Hello there. Recently I have to convert a PyTorch-trained network to onnx for inference, then I using the script below to convert it:

model = YOLOv3_LargeScale(input_size=input_size, num_classes=16, rfb=True).cuda().eval()
model.load_state_dict(torch.load(path))

dummy_input = torch.zeros((3, input_size, input_size)).cuda().unsqueeze(0)
onnx_f = output_path
torch.onnx.export(model, dummy_input, onnx_f, verbose=True)

However, when converting, the script throws a warning:

pytorch2onnx.py:83: TracerWarning: Converting a tensor to a Python index might cause the trace to be incorrect. We can't record the data flow of Python values, so this value will be treated as a constant in the future. This means that the trace might not generalize to other inputs!
  crop_tensor = x[..., h_index_list[i]:h_index_list[i + 1], w_index_list[j]:w_index_list[j + 1]]

I guess this is because I use some Python data structure (i.e. list) to save a few tensors, the related codes are pasted below:
(If I have guessed wrong, please tell me)

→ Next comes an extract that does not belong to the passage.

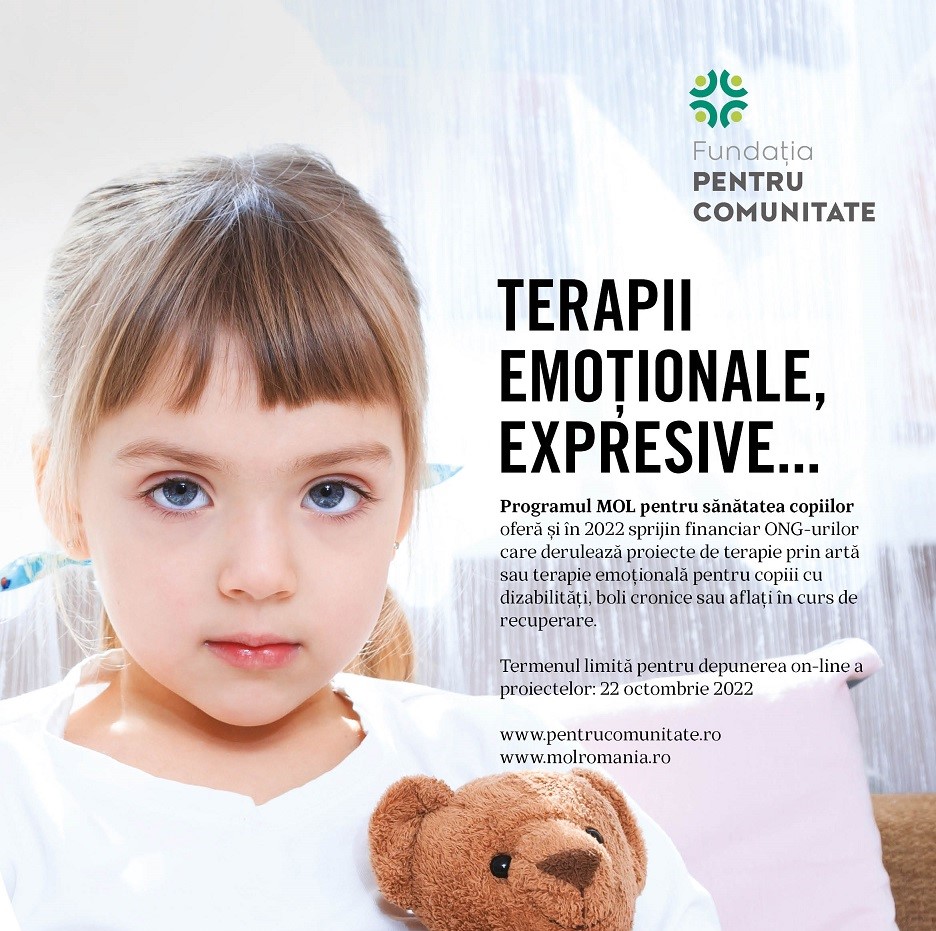 Programul MOL pentru sănătatea copiilor oferă finanțare pentru proiecte de terapii emoționale și expresive, având ca scop reabilitarea psiho-socială a copiilor cu afecțiuni cronice, în curs de recuperare după afecțiuni grave sau a copiilor care trăiesc cu dizabilități.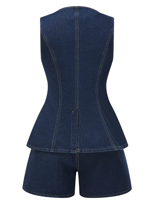 2PCS Blau 1960er Solide Geknöpft Denim Weste & Shorts

class DarkNet53_LargeScale(nn.Module):
    def __init__(self, input_size, crop_idx=4):
        super().__init__()
        self.darknet = DarkNet53(local_input_size=input_size//crop_idx)
        self.crop_idx = crop_idx

    def get_local_input(self, x):
        # get cropped tensors
        # crop order: left 2 right, up 2 down
        device = x.device
        dtype = x.dtype
        size = x.shape[2:]
        crop_tensor_list = []
        h_index_list = [size[0] // self.crop_idx * i for i in range(self.crop_idx + 1)]
        w_index_list = [size[1] // self.crop_idx * i for i in range(self.crop_idx + 1)]
        for i in range(self.crop_idx):
            for j in range(self.crop_idx):
                crop_tensor = x[..., h_index_list[i]:h_index_list[i + 1], w_index_list[j]:w_index_list[j + 1]]
                crop_tensor_list.append(crop_tensor)
        return crop_tensor_list, h_index_list, w_index_list, device, dtype

    def forward_backbone(self, crop_tensor_list):
        # forward each cropped tensor and get the output
        route_layers_list = []
        x_list = []
        for tensor in crop_tensor_list:
            route_layers, x = self.darknet(tensor)
            route_layers_list.append(route_layers)
            x_list.append(x)
        return route_layers_list, x_list

    def forward_post_process(self, route_layers_list, x_list, device, dtype):
        # concatenate each cropped tensor's output following their spatial order to reconstruct feature maps
        n = x_list[0].shape[0]  # batch size
        c_x, h_x, w_x = x_list[0].shape[1:]
        c_0, h_0, w_0 = route_layers_list[0][0].shape[1:]  # num of channels, height, width
        c_1, h_1, w_1 = route_layers_list[0][1].shape[1:]
        c_2, h_2, w_2 = route_layers_list[0][2].shape[1:]
        c_3, h_3, w_3 = route_layers_list[0][3].shape[1:]
        c_4, h_4, w_4 = route_layers_list[0][4].shape[1:]
        # route_layers_list contains (idx*idx) route_layers´╝îevery route_layers contains 5 tensors
        # x_list contains (idx*idx) tensors
        x_out = torch.zeros((n, c_x, h_x * self.crop_idx, w_x * self.crop_idx)).to(dtype).to(device)
        route_layers_out_0 = torch.zeros((n, c_0, h_0 * self.crop_idx, w_0 * self.crop_idx)).to(dtype).to(device)
        route_layers_out_1 = torch.zeros((n, c_1, h_1 * self.crop_idx, w_1 * self.crop_idx)).to(dtype).to(device)
        route_layers_out_2 = torch.zeros((n, c_2, h_2 * self.crop_idx, w_2 * self.crop_idx)).to(dtype).to(device)
        route_layers_out_3 = torch.zeros((n, c_3, h_3 * self.crop_idx, w_3 * self.crop_idx)).to(dtype).to(device)
        route_layers_out_4 = torch.zeros((n, c_4, h_4 * self.crop_idx, w_4 * self.crop_idx)).to(dtype).to(device)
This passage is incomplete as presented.